See our full introduction to JSONPath and common challenges it helps to solve through an example project.

Quick Intro to Parsing JSON with JSONPath in Python

Playwright and Selenium

Headless browsers are becoming very popular in web scraping as a way to deal with dynamic javascript and scraper blocking.

Many websites use complex front-end that generated data on demand either through background requests or javascript functions. To access this data we need a javascript execution environment and there's no better way than to employ a real headless web browser.

Javascript fingerprinting is also becoming a required step to scrape many modern websites.

So, to control a headless browser for web scraping in Python we have two popular libraries: Playwright and Selenium.

Selenium is one of the first major browser automation libraries and it can do almost anything a browser can do:

from selenium import webdriver
from selenium.webdriver.common.by import By
from selenium.webdriver.chrome.options import Options
from selenium.webdriver.support.ui import WebDriverWait
from selenium.webdriver.support import expected_conditions as EC
import time

# configure browser
options = Options()
options.headless = True 
options.add_argument("--window-size=1920,1080")
options.add_argument("start-maximized")

driver = webdriver.Chrome(options=options)
driver.get("https://web-scraping.dev/product/1")
# wait for page to load by waiting for reviews to appear on the page
element = WebDriverWait(driver=driver, timeout=5).until(
    EC.presence_of_element_located((By.CSS_SELECTOR, '#reviews'))
)
# click buttons:
button = wait.until(EC.element_to_be_clickable((By.ID, "load-more-reviews")))
button.click()

# return rendered HTML:
print(driver.page_source)
Web Scraping with Selenium and Python Tutorial + Example Project

For more see our full introduction to web scraping with Selenium through an example Python project

Web Scraping with Selenium and Python Tutorial + Example Project

Alternatively, Playwright is a modern take on browser automation offering all of these capabilities in modern asynchronous and synchronous APIs:

from playwright.sync_api import sync_playwright

# Using synchronous Python:
with sync_playwright() as p:
    browser = p.chromium.launch(headless=True)
    context = browser.new_context(viewport={'width': 1920, 'height': 1080})
    page = context.new_page()
    page.goto("https://web-scraping.dev/product/1")

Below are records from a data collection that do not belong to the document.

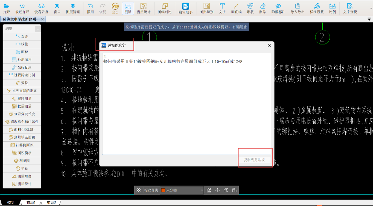 利用CAD快速看图【批量测量】一键框选,可快速计算接闪带水平长度;高效计量工程量,结合【提取文字】和【文字查找】工具,协助快速编制工程量清单。
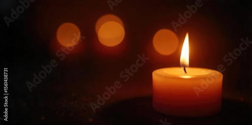 Close-up of a flickering candle flame, soft warm light illuminating the surrounding darkness Perfect for themes of romance, relaxation, spirituality, and tranquility , background, comfort
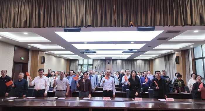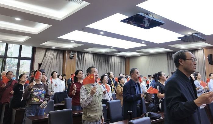 当宣讲的余音仍在心间回荡,激昂的旋律已然响起。全体与会人员肃然起立,同声高唱《没有共产党就没有新中国》。这穿越时空的经典歌声,汇聚成磅礴的力量,既是对历史的深情回望,更是面向未来的坚定承诺。
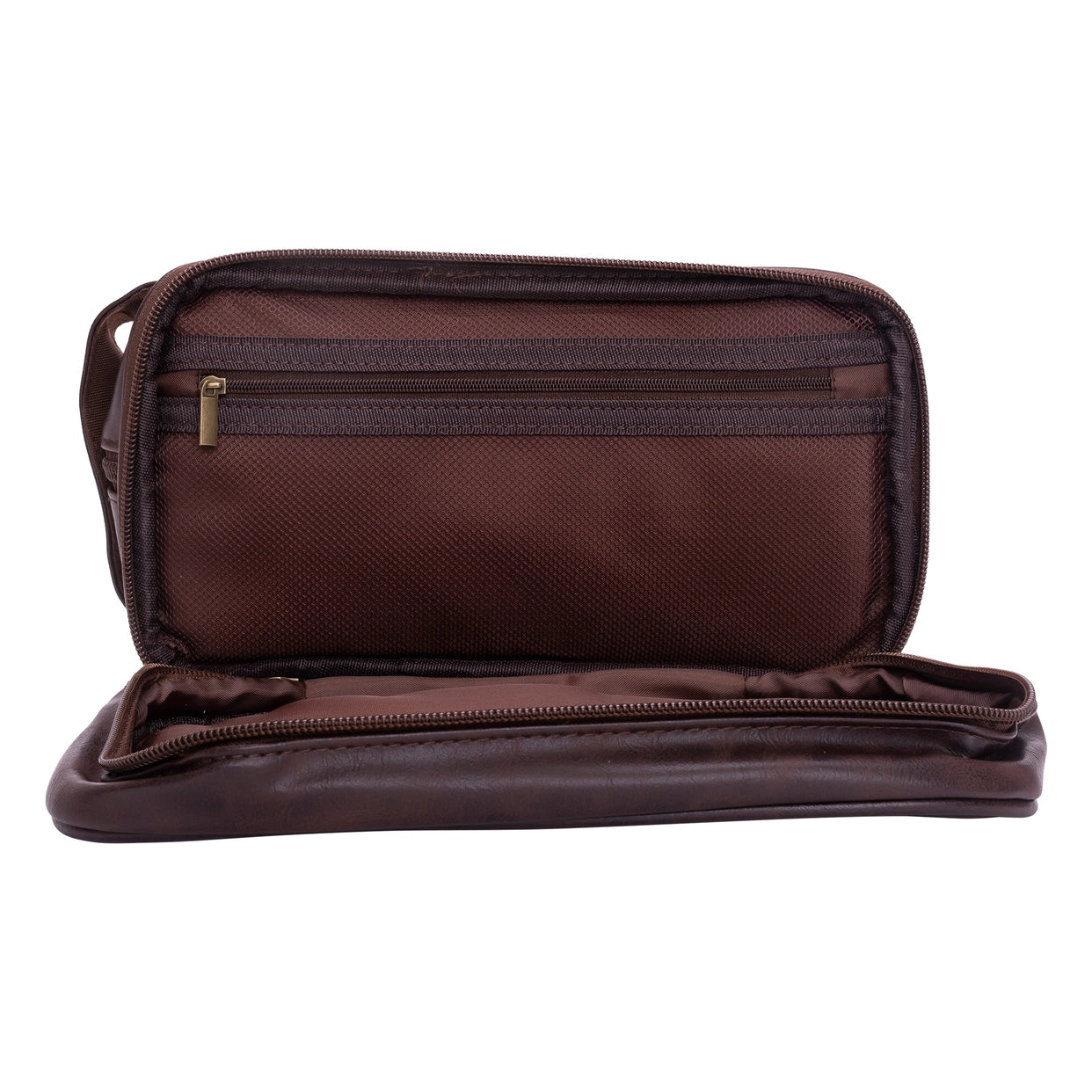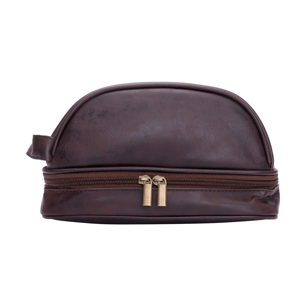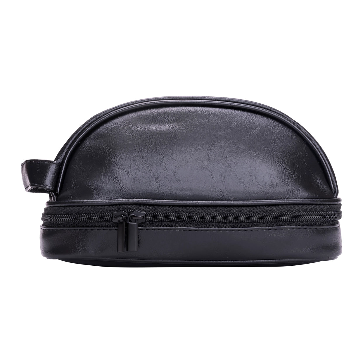 Modern and sleek travel Dopp kit made from sustainable materials like polyester, PVC, and vegan leather.

    # wait for the element to be present in the DOM
    page.wait_for_selector('#reviews')

    # click the button
    page.wait_for_selector("#load-more-reviews", state="attached")
    page.click("#load-more-reviews")

    # print the HTML
    print(page.content())

    browser.close()

# or asynchronous
import asyncio
from playwright.async_api import async_playwright

async def run():
    async with async_playwright() as p:
        browser = await p.chromium.launch(headless=True)
        context = await browser.new_context(viewport={'width': 1920, 'height': 1080})
        page = await context.new_page()
        await page.goto("https://web-scraping.dev/product/1")

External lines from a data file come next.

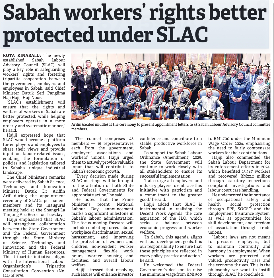 Sabah workers' rights better protected under SLAC
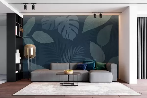 Peintures murales feuilles tropicales texturées sur fond bleu foncé Nr. w05063v3
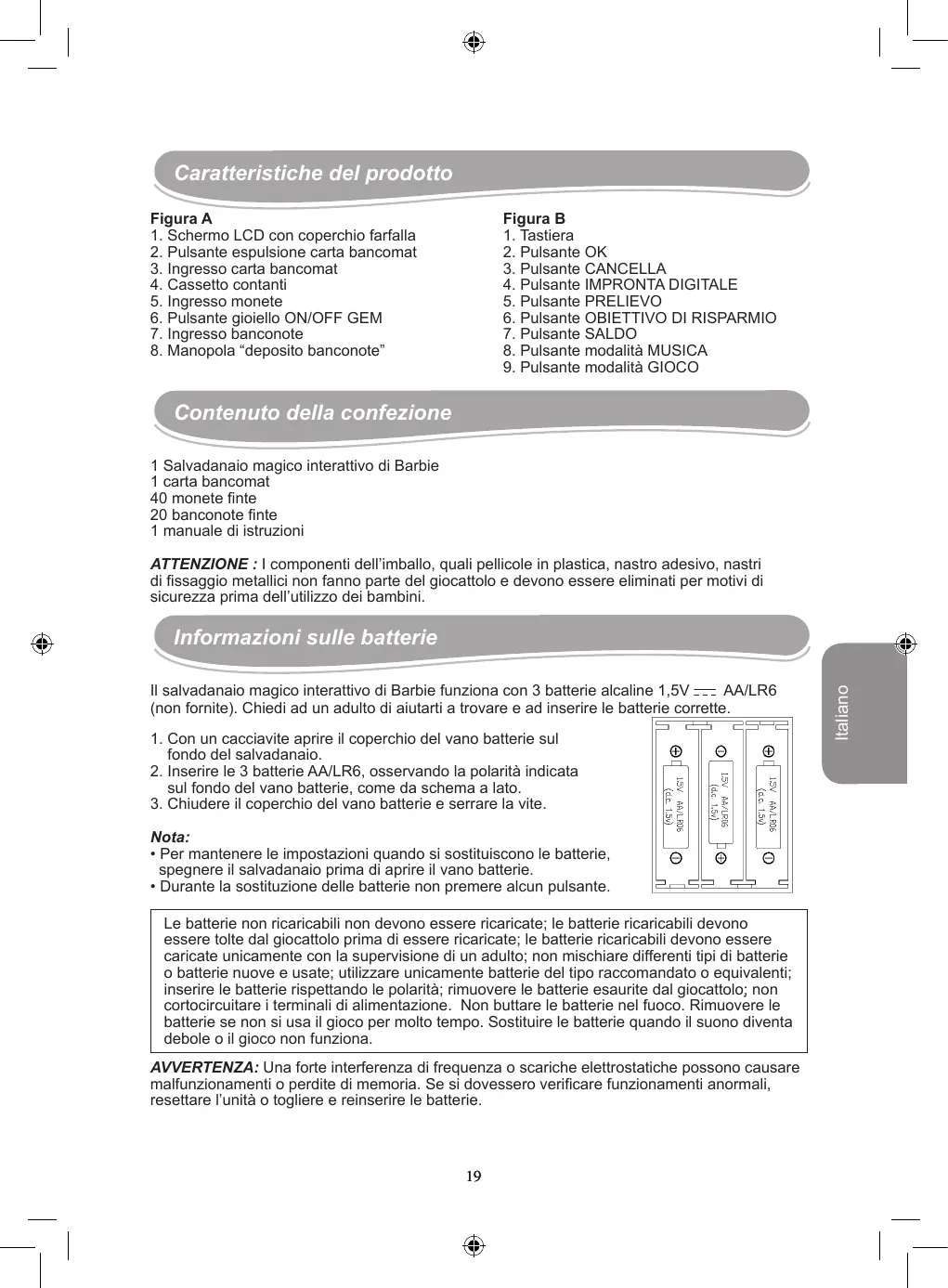 Italiano Informazioni sulle batterie Utilizzare il salvadanaio magico interattivo di Barbie Questa sezione spiega come utilizzare il salvadanaio magico interattivo di Barbie. Leggi le istruzione per scoprire tutte le funzioni. Chiedi ad un adulto di leggere e comprendere le istruzioni di sicurezza. Accendere/ spegnere il salvadanaio magico interattivo di Barbie

        # wait for the element to be present in the DOM
        await page.wait_for_selector('#reviews')

        # click the button
        await page.wait_for_selector("#load-more-reviews", state="attached")
        await page.click("#load-more-reviews")

        # print the HTML
        print(await page.content())

        await browser.close()

asyncio.run(run())
Web Scraping with Playwright and Python

See our full introduction to web scraping using Playwright through an example project for more.

Web Scraping with Playwright and Python

Cerberus and Pydantic

An often overlooked process of web scraping is the data quality assurance step. Web scraping is a unique niche where result datasets are highly dynamic making quality testing very difficult.

Fortunately, there are several tools that can help out with ensuring web scraped data quality.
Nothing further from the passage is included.